As the radioactive atom decays, their mass decreases. The mass of daughters increases. Sooner or later the second one is bigger than the first one.

RRmy0440 said:
One of my friend told me that if he add this two variables together, and states the result as real original mass of this unstable element,

So it appears the assumption is that the 0.9375 g of daughter came from 0.9375 g of unstable atom. The mass lost was negligible.

If you saw 2 unstable atoms and 3 of the stable decay product and wanted to know how many unstable atoms you started with, you would say "these 3 daughter atoms came from 3 unstable atoms. So I started with 3 more than I have now. There were 5."

You see 0.9375 g of daughter. You assume that came from 0.9375 g of unstable atom that decayed. So there was originally 0.9375 g more than there is now.

Orodruin said:
The mass is not the mass of one nucleus of the element, it is the total mass in the sample of the element.

If all of the unstable element had decayed, then there would only be the daughter element left and it would have all the mass.
Thank you very much, I got it now.

RPinPA said:
No. Suppose you had 5 radioactive atoms. Now 3 of them decay, so you have 2 radioactive and 3 daughters.
Are you saying for some reason that you expect even after 3 of them decay, there are still more original than daughters? Why?
Now suppose all 5 of the original atoms decay. 0 original atoms left. 5 daughters. Are you saying that you STILL think you have more original than daughters? Why?
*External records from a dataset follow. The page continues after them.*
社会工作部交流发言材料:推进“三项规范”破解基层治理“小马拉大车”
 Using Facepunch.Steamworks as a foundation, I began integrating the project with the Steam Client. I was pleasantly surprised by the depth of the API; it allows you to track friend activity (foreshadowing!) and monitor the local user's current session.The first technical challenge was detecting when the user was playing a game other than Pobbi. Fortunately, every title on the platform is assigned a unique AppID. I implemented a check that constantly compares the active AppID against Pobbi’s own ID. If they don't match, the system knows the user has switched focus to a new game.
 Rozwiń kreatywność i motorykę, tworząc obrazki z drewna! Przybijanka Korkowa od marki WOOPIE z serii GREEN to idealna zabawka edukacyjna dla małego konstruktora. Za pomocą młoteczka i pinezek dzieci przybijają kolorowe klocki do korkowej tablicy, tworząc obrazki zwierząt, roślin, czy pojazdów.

As the radioactive atom decays, their mass decreases. The mass of daughters increases. Sooner or later the second one is bigger than the first one.
So it appears the assumption is that the 0.9375 g of daughter came from 0.9375 g of unstable atom. The mass lost was negligible.

If you saw 2 unstable atoms and 3 of the stable decay product and wanted to know how many unstable atoms you started with, you would say "these 3 daughter atoms came from 3 unstable atoms. So I started with 3 more than I have now. There were 5."
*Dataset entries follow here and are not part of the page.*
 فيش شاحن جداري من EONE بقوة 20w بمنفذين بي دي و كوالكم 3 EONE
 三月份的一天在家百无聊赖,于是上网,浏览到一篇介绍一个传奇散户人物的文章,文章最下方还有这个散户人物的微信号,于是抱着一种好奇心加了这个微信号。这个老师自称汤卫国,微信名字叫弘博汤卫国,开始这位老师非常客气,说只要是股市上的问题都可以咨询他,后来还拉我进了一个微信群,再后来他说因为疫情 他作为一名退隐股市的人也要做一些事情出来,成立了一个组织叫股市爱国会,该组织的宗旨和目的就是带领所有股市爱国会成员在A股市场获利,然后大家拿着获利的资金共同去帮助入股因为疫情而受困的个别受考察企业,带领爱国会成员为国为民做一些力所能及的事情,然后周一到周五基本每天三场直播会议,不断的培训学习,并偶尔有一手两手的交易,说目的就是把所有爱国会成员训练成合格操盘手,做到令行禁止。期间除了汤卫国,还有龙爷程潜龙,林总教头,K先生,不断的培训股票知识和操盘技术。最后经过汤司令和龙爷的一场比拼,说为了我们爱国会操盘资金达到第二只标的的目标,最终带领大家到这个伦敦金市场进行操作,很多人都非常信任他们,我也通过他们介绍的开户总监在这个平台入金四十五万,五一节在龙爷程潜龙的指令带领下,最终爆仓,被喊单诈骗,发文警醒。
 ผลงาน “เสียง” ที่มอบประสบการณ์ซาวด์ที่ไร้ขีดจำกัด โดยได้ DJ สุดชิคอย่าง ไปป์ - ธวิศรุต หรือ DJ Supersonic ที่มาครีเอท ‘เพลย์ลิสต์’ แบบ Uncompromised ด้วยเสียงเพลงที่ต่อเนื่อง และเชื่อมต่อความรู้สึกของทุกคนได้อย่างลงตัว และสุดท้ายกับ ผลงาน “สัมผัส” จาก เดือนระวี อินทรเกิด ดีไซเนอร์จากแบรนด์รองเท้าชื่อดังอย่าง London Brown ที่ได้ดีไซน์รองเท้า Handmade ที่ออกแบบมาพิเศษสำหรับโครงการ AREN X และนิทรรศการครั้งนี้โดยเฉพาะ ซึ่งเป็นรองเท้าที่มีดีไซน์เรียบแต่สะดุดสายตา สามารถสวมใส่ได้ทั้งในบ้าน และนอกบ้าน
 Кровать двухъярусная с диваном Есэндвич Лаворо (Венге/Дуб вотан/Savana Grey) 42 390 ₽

You see 0.9375 g of daughter. You assume that came from 0.9375 g of unstable atom that decayed. So there was originally 0.9375 g more than there is now.
Your reply is pretty helpful to me, thank you so much.

## What is half life?

Half life is the amount of time it takes for half of a radioactive substance to decay into a stable form.

## What is radioactive decay?

Radioactive decay is the process by which an unstable atom releases energy and particles to become a more stable element.
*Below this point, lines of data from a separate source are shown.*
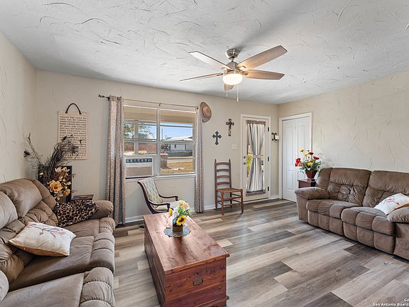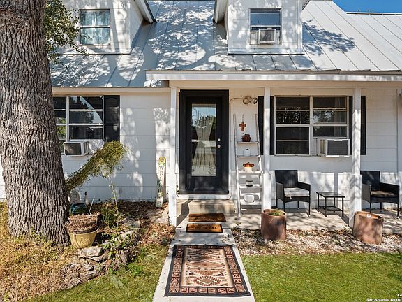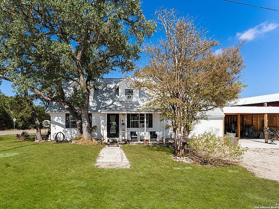 Experience Hill Country living at its finest in this charming 4-bedroom, 2.5-bath home on a level corner lot just minutes from Canyon Lake. This 1,700 sq ft residence showcases custom olive-gray wave textured walls, weathered wood-style laminate flooring, and a spacious kitchen with country white cabinetry and convenient corner shelving. The thoughtful floor plan includes a dedicated office space, while updated appliances, ceiling fans, and a covered porch enhance everyday comfort. Set on an 8,542 sq ft lot with mature trees where deer and peacocks roam freely, this unrestricted property offers carport parking, metal roof, territorial views, and the perfect blend of peaceful countryside living with easy access to recreational opportunities. Located on a paved county road with convenient routes to New Braunfels (30 minutes) and San Antonio (45 minutes via FM 306), this traditional Hill Country home delivers both serenity and convenience without HOA restrictions.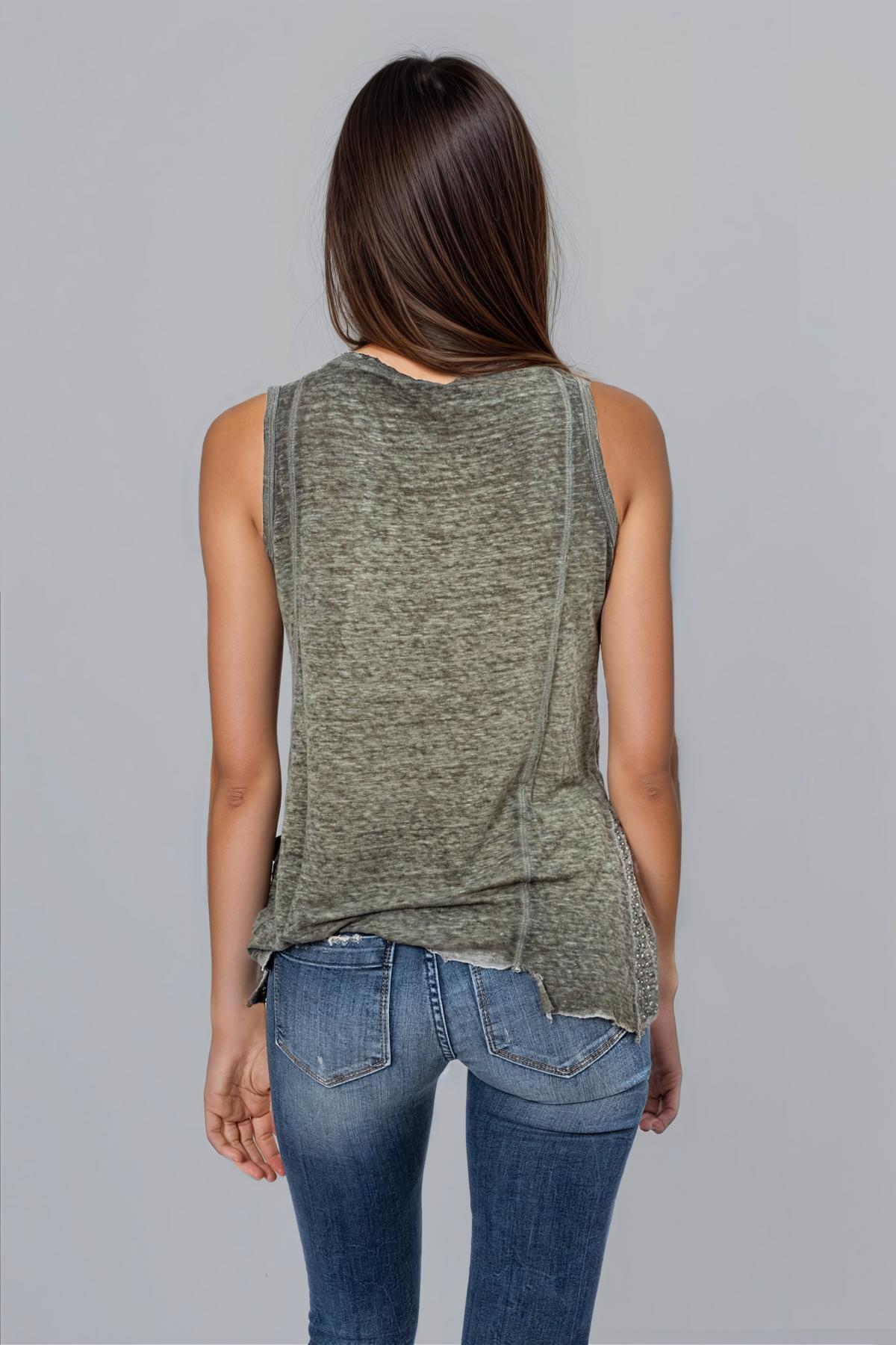 Tank top with asymmetrical cut and off-center buttons. Application of studs on the bottom. Raw cut hem. Inside poem print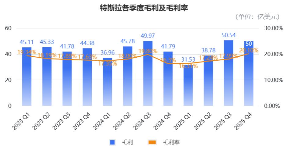 利润层面,特斯拉毛利水平有所提升,第四季度的综合毛利为50亿美元,毛利率回升到20.1%,汽车毛利率为15.4%。

## How is half life calculated?

Half life is calculated using the formula t(1/2) = ln(2)/λ, where t(1/2) is the half life, ln(2) is the natural logarithm of 2, and λ is the decay constant.

## What factors affect the half life of a substance?

The half life of a substance can be affected by various factors such as temperature, pressure, and the chemical environment. It is also specific to each type of radioactive substance.

## Why is half life important in nuclear medicine?

Half life is important in nuclear medicine because it allows for accurate dosing and timing of radiation treatments. It also helps determine the decay rate of radioactive isotopes used in medical imaging and diagnostic procedures.